▶ [Exercise instructions]
A verbatim reproduction of the lines below, from the line containing "Dr. Oetker Paradise" through the line containing "2. Desactivar Windows", both ends included, is the whole required output.

▶ [Material for this exercise]
----
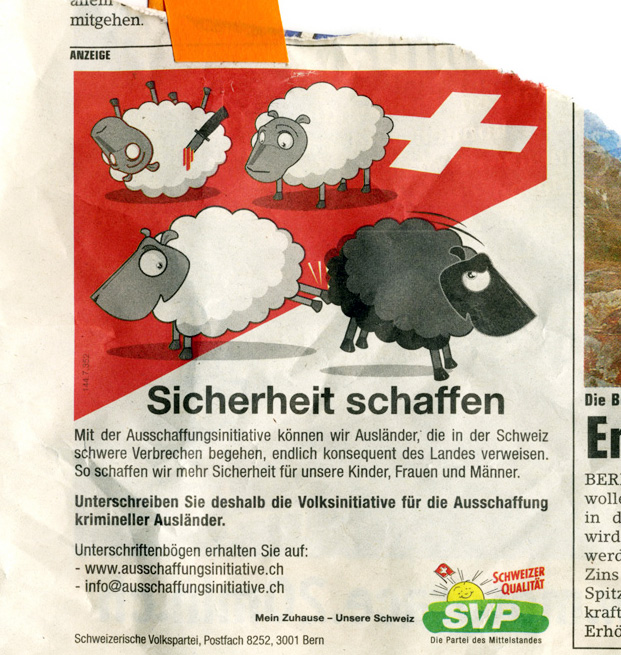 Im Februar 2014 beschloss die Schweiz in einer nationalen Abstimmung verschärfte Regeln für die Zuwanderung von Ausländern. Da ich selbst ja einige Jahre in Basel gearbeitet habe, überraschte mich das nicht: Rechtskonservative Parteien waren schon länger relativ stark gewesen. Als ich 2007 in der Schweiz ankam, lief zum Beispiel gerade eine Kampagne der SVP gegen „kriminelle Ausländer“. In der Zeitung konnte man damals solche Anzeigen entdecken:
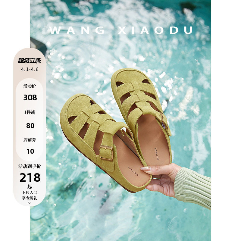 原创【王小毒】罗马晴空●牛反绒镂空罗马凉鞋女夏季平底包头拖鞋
----
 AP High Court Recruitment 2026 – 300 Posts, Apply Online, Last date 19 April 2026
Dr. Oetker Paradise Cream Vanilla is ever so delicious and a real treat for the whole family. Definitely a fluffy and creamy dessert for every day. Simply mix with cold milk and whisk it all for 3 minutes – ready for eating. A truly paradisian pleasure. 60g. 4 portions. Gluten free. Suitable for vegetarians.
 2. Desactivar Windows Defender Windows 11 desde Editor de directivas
----
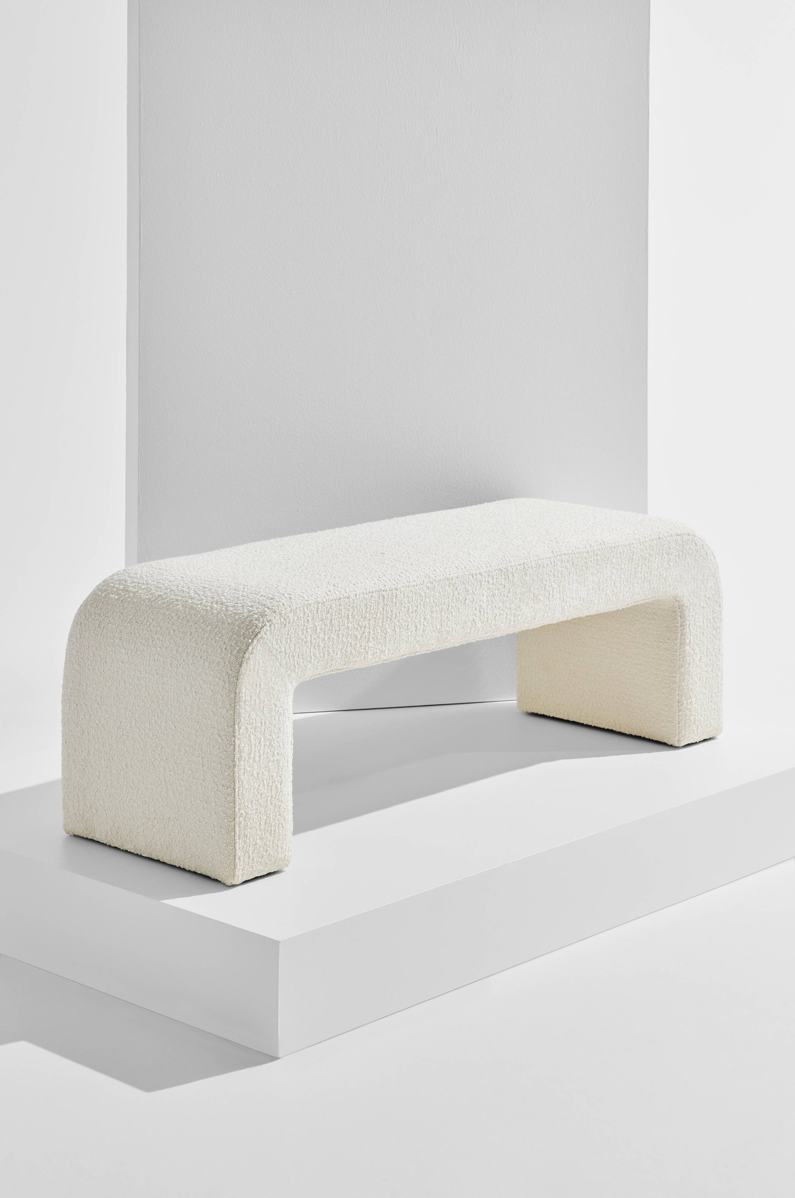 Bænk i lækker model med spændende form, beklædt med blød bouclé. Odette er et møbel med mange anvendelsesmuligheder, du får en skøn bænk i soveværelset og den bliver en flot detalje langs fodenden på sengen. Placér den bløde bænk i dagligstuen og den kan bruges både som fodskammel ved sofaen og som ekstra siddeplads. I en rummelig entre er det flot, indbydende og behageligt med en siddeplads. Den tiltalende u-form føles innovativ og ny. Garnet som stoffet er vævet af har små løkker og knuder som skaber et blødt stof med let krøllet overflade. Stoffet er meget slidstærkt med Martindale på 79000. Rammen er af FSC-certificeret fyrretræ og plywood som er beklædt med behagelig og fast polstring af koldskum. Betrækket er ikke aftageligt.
----
▶ [Solution for this exercise]
Dr. Oetker Paradise Cream Vanilla is ever so delicious and a real treat for the whole family. Definitely a fluffy and creamy dessert for every day. Simply mix with cold milk and whisk it all for 3 minutes – ready for eating. A truly paradisian pleasure. 60g. 4 portions. Gluten free. Suitable for vegetarians.
 2. Desactivar Windows Defender Windows 11 desde Editor de directivas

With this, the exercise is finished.